Sarah Lévy – The sociologist of add-ons

0
759

TLmag: You came to accessories quite past due. Tell us about your adventure?

Sarah Levy: I turned into firstly an architect. It changed into a comfy preference, but even lower back then, it didn’t certainly resonate with me. The fashion schools, especially La Cambre, made an impact on me. I didn’t sense at domestic. At the end of my research, I worked for a decade as an architect. I additionally started a thesis on city planning. As a part of this, I became invited to look at the Parsons School of Design in New York. There, in which I was in touch with two jewelers, I found accessories, in addition to working with artisans. Back in Belgium, I enrolled at Arts et Métiers. I studied there for two years at the same time as completing my thesis. But after a year as a city planner, I felt stuck with the task’s institutional aspect. The add-ons section of La Cambre had opened. It was a manner to start a change without transitioning from one task to any other. I jumped in.

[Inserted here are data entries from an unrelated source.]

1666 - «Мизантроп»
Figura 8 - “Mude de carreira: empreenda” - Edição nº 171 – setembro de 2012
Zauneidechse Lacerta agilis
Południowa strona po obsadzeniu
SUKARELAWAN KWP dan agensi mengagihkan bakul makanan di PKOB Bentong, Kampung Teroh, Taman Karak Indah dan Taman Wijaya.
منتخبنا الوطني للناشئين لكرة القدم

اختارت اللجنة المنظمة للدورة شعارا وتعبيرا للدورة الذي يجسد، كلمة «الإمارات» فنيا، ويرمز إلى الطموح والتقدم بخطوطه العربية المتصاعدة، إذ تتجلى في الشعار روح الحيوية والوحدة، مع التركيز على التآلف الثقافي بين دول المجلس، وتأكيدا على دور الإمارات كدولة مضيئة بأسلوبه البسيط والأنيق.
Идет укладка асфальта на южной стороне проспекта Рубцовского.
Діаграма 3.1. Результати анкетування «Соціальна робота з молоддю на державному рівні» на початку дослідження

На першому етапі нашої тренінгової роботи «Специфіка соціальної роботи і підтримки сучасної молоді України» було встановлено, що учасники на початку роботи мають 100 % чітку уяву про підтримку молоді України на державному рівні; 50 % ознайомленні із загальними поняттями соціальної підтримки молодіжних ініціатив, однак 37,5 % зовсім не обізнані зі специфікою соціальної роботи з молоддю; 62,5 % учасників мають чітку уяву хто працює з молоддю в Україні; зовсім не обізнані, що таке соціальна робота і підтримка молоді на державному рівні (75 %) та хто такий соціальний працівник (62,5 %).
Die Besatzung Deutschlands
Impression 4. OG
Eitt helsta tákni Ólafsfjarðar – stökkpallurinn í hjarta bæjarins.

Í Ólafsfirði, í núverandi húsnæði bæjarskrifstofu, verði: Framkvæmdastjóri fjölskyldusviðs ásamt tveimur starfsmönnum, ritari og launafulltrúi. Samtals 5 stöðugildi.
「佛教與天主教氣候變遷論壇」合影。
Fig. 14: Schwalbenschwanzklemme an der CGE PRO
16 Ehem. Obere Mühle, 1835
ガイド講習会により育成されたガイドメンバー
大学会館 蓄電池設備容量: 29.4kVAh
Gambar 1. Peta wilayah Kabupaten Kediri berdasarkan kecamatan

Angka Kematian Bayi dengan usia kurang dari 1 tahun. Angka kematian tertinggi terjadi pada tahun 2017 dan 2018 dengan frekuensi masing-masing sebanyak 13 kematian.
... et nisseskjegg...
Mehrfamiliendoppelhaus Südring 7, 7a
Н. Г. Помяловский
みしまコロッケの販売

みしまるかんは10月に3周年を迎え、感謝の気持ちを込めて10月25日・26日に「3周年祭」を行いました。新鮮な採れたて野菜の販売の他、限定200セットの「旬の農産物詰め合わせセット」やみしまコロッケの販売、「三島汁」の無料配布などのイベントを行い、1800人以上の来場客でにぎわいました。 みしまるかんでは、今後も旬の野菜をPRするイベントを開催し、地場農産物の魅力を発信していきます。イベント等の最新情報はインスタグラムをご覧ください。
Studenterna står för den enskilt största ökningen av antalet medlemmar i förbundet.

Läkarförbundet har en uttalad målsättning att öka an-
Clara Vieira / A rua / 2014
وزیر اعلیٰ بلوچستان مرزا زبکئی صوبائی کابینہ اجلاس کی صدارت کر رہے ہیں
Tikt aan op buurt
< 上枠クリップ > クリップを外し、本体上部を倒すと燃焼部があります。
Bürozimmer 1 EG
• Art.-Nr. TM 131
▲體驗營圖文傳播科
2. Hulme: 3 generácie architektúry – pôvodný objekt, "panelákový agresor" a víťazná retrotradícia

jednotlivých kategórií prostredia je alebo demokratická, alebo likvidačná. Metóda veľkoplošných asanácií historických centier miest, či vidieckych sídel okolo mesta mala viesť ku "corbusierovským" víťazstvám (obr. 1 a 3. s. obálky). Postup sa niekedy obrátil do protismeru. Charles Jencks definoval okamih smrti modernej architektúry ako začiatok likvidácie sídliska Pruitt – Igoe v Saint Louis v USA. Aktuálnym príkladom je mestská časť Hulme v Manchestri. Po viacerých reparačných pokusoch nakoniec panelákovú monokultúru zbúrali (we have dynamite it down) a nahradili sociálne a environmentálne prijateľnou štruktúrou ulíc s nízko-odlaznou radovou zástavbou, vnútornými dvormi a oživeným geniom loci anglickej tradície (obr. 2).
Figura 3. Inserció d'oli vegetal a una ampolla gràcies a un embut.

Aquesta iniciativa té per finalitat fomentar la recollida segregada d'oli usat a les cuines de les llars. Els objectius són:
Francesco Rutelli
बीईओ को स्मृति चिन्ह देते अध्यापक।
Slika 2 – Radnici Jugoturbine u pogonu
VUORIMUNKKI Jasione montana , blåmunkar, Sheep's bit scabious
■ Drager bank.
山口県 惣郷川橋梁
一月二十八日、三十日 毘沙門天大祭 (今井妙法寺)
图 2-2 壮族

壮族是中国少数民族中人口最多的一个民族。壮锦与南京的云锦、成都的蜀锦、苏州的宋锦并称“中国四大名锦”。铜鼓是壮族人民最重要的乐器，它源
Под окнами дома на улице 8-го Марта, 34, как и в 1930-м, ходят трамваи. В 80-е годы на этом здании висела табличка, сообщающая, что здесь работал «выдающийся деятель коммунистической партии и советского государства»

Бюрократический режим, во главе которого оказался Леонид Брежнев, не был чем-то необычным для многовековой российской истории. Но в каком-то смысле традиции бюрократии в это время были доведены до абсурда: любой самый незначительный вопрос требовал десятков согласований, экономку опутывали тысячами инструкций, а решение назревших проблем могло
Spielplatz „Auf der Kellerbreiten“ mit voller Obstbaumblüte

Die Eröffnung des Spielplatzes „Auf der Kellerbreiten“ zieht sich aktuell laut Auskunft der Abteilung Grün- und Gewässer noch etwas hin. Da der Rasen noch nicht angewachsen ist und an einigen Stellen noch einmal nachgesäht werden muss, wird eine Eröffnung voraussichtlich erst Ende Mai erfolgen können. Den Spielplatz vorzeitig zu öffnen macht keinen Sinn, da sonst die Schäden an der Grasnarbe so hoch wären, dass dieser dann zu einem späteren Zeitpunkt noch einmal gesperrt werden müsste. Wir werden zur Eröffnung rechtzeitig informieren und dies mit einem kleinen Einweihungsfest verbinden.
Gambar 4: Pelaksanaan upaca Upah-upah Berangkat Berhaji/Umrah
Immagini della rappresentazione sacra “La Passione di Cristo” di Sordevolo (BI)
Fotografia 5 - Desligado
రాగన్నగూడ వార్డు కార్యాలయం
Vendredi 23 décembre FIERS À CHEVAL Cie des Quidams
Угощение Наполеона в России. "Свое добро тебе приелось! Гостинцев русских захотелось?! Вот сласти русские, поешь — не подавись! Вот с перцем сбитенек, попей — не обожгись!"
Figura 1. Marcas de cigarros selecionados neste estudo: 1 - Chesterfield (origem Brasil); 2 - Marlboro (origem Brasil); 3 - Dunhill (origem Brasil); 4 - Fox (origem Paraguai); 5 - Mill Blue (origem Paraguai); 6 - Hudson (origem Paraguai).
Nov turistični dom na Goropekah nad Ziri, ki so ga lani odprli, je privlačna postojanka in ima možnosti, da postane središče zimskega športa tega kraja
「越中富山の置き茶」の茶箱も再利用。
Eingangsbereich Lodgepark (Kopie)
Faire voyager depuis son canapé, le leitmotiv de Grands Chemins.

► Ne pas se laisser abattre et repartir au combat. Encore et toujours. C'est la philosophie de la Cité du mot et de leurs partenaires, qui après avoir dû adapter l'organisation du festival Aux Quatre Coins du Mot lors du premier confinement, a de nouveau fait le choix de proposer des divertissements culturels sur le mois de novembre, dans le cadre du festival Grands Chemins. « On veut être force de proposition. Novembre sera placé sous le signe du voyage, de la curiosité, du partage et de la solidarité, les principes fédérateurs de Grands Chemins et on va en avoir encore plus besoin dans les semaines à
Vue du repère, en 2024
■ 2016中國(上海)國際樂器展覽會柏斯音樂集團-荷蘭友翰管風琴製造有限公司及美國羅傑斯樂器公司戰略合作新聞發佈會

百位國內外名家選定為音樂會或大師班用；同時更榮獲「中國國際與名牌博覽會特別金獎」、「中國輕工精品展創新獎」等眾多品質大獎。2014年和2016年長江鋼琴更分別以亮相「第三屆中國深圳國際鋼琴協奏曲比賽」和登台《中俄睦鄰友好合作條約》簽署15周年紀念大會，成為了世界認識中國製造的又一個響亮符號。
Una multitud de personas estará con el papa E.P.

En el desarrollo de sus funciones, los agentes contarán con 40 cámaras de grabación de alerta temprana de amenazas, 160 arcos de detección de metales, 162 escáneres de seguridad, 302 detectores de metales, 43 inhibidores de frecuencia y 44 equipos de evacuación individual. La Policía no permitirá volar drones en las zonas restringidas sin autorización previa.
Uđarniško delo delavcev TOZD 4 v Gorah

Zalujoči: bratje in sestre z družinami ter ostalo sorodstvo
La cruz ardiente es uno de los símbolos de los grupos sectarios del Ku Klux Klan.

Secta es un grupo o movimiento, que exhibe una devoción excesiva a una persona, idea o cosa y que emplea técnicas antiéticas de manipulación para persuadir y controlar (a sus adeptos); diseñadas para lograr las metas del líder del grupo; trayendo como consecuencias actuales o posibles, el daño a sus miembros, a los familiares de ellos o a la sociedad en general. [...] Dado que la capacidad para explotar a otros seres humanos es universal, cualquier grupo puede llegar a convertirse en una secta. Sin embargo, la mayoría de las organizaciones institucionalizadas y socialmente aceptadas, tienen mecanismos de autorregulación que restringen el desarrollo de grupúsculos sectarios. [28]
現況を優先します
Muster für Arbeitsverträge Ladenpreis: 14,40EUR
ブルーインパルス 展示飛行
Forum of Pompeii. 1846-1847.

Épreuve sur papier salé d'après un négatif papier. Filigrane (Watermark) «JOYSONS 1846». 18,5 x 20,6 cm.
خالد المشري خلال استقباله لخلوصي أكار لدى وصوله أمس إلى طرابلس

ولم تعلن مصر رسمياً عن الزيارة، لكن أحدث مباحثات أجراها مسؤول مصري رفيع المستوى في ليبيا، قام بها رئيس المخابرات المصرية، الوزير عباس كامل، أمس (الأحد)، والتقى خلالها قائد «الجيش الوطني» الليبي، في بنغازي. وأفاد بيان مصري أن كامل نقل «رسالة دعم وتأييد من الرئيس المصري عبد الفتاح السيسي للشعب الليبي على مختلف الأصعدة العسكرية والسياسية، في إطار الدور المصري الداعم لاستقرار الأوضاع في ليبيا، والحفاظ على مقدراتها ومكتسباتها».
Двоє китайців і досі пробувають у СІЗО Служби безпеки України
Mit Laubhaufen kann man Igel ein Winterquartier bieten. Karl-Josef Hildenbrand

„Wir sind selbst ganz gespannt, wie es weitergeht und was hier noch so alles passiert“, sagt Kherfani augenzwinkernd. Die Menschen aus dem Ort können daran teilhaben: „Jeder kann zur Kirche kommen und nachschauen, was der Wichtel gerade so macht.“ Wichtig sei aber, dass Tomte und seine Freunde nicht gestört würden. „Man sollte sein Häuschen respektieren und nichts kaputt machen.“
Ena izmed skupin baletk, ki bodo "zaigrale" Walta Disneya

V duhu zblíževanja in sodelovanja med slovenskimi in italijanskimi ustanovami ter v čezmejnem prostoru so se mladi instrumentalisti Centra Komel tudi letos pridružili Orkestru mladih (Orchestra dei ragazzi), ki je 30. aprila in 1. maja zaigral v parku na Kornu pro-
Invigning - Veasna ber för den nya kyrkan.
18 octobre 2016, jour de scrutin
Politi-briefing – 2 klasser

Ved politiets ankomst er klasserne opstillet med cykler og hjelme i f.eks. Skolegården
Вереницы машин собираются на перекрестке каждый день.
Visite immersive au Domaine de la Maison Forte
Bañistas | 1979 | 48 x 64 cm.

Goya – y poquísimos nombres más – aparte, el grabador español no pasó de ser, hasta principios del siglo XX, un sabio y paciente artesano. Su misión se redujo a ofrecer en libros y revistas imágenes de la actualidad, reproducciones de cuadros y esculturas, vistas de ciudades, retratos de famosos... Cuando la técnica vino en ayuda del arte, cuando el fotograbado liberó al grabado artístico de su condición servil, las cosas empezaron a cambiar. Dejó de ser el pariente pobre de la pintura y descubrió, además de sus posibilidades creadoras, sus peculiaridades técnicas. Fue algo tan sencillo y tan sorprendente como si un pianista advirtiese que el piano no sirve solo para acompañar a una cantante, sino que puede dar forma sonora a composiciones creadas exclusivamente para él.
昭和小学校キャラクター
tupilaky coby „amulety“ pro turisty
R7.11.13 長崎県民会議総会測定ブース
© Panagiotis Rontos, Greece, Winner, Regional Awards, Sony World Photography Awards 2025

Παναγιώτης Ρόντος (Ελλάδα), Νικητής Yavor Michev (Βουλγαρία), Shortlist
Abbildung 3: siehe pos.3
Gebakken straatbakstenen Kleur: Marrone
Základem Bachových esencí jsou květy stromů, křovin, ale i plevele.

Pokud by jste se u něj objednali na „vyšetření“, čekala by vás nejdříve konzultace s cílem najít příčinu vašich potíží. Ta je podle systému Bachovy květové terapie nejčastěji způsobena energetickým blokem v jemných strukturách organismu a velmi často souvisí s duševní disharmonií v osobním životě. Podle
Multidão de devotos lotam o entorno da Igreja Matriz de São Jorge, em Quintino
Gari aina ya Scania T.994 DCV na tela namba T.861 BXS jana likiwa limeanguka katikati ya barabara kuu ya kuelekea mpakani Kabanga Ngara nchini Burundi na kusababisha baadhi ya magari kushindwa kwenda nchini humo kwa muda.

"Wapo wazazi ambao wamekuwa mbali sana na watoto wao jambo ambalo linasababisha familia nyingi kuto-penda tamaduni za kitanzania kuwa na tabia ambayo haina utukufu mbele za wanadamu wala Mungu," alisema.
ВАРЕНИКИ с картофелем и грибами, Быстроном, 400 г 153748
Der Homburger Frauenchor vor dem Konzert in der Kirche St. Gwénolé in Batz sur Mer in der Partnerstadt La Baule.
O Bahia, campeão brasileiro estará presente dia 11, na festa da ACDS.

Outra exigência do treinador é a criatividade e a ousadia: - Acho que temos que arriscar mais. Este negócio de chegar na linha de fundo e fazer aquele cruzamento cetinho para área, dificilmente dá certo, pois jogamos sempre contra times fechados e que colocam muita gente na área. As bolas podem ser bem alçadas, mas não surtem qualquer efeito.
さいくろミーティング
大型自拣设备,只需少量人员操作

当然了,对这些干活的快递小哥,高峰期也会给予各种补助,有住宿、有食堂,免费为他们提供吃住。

Sarah Lévy – The sociologist of add-ons 1

TLmag: And this time, you belonged

S.L.: We had been only 4 students, including a photographer and a clothier, overseen using outstanding professors. That’s wherein I discovered the universe of leatherwork. The first year, I gave myself overall freedom. At La Cambre, I become driven to move past my barriers, to comply with my intuition. In the 2d 12 months, once I
become running on my graduation collection, I started a real mirrored image on the human frame. My idea was to translate, through accessories, our current habits. I reflected on the ones ordinary objects which have to grow to be our new fetishes: the telephone, the digital cigarette…Objects that have created new gestures. My aim is not to criticize these manias but instead to imagine the add-ons in song with our existence ‘rituals.’

TLmag: The series is even called Creatures of Habits.

S.L.: These add-ons have modified our posture and our morphology. So I created prostheses that,
on the one hand, we ease our day-by-day gestures and, on the other hand, highlight the obsessive aspect of those addictions. I labored with a prosthetist and orthopaedist. In precise, my studies led me to transpose the prosthetics strategies into the area of leatherwork: greater particularly, glove making. For instance, I imagined a long leather-based glove stitched to a cell cellphone case. My whole series performs on this ambiguity among self-belief and constraints. I could collaborate with French glovemakers Lavabre Cadet, who helped me create a number of the seven portions inside the collection. Working on gloves, an item regularly is taken into consideration to be out of date; however, which calls for

Actual expertise also involved me plenty.

TLmag: This collection inspired the jury on the Hyères pageant, which, as we recognize, is the first-rate springboard for designers. Was it this that made you need to use? S.L.: Hyères is an outstanding area of expression for any young clothier. The humans I met for the duration of the pageant sensibly think about style. When you take a method that isn’t always at all business-oriented, being a finalist inside the opposition represents an enormous possibility.

TLmag: You are based in Brussels. Do you declare

Belgian roots?

S.L.: Even again, when I became the reading structure, I felt very rooted in this. I very plenty revel in being part of this Belgian dynamic and being able to paintings in Brussels. I am no longer claiming that I belong right here. However, I hope to construct an undertaking right here without always having to move to Paris.
TLmag: Do you feel close to any Belgian clothier particularly? S.L.: I work with Ester Manas, who became a finalist additionally at Hyères in the fashion phase, final yr, and for whom I layout add-ons. Having grown collectively and worked on a shared task may be very pleasing. For my next phase, I’m not final any doors. I would love to find out how a big-style residence operates. And additionally to collaborate with different creators whose imaginative and prescient I share. In any case, developing my logo isn’t a lead to itself.